Rumors circulated that a chunk of the Tether commercial paper portfolio which along with other assets in the reserves is 85% backed by Asian commercial papers and was traded at a discount of 30%. Tether denied this and said the rumors were fabricated to induce more panic and generate more profits from the stressed market. The state of the Tether reserves was a hot topic for some time now and USDT is supposed to be backed by the US dollars or their equivalent but in the past, critics and regulators questioned what was really in the Tether reserves.

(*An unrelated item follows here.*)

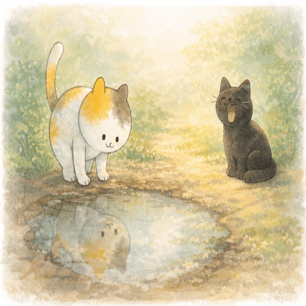 「水たまりは、ただ光が跳ね返っているだけだにゃ。
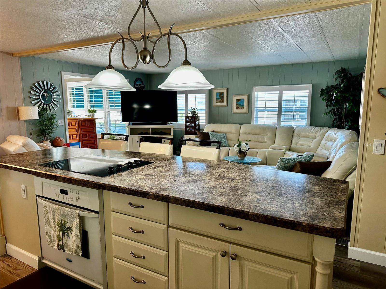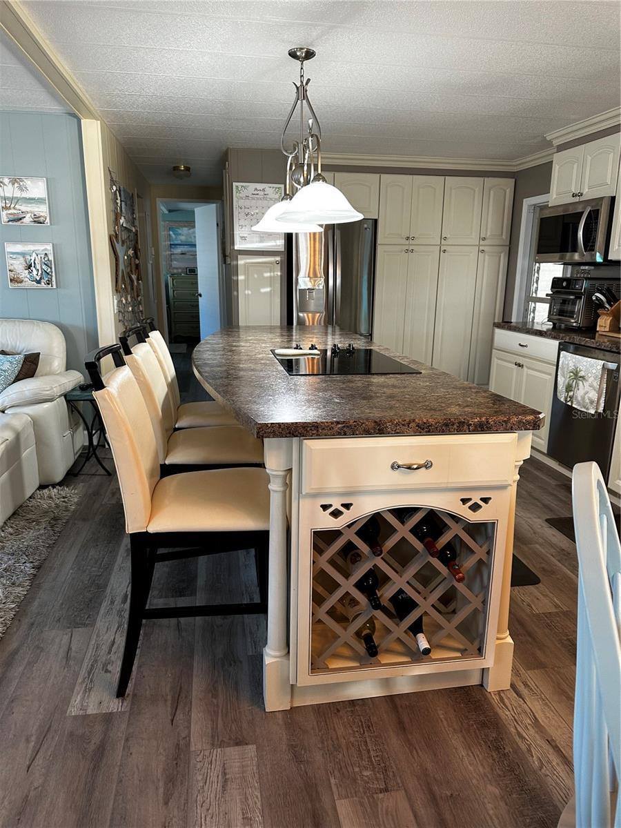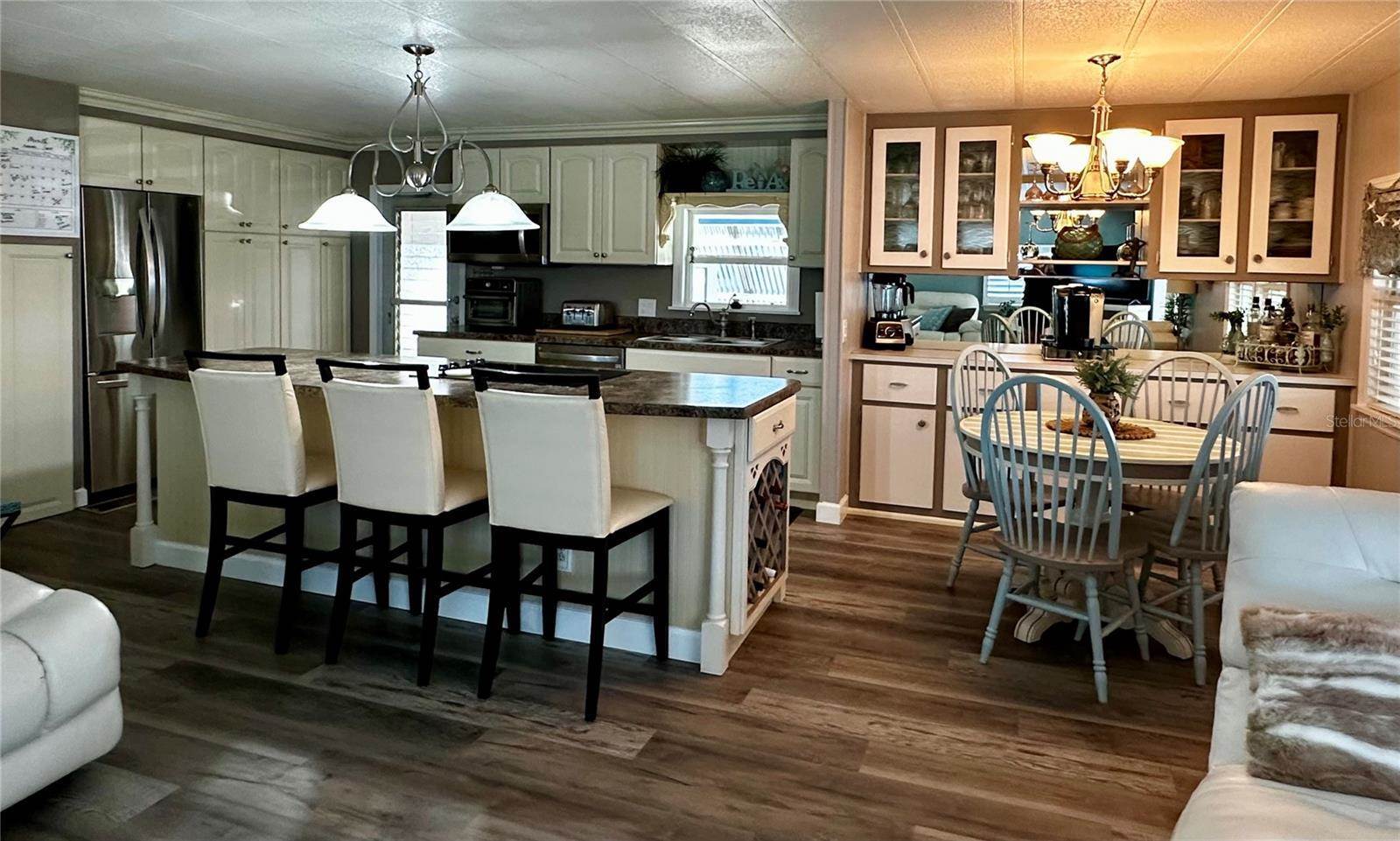 easy with a large sunny living room, fully stocked kitchen with island seating, built-in wine rack, and Florida room remodel with loads of natural light. The entire home is tastefully decorated showcasing a blend of style and functionality. The unique charm

The exposure to a failing crypto company like Celsius raised investor eyebrows in the bear market when plenty of platforms struggled to keep their heads above water. Celsius handled $10 billion in customer assets at one point and mismanaged how it ran the lending platform, executing high-risk leveraged trading strategies and lost $350 million in customer funds. Tether tried to reassure the clients and said that he had no exposure to Celsius other than the loan and that it never will put the integrity of the reserves at risk.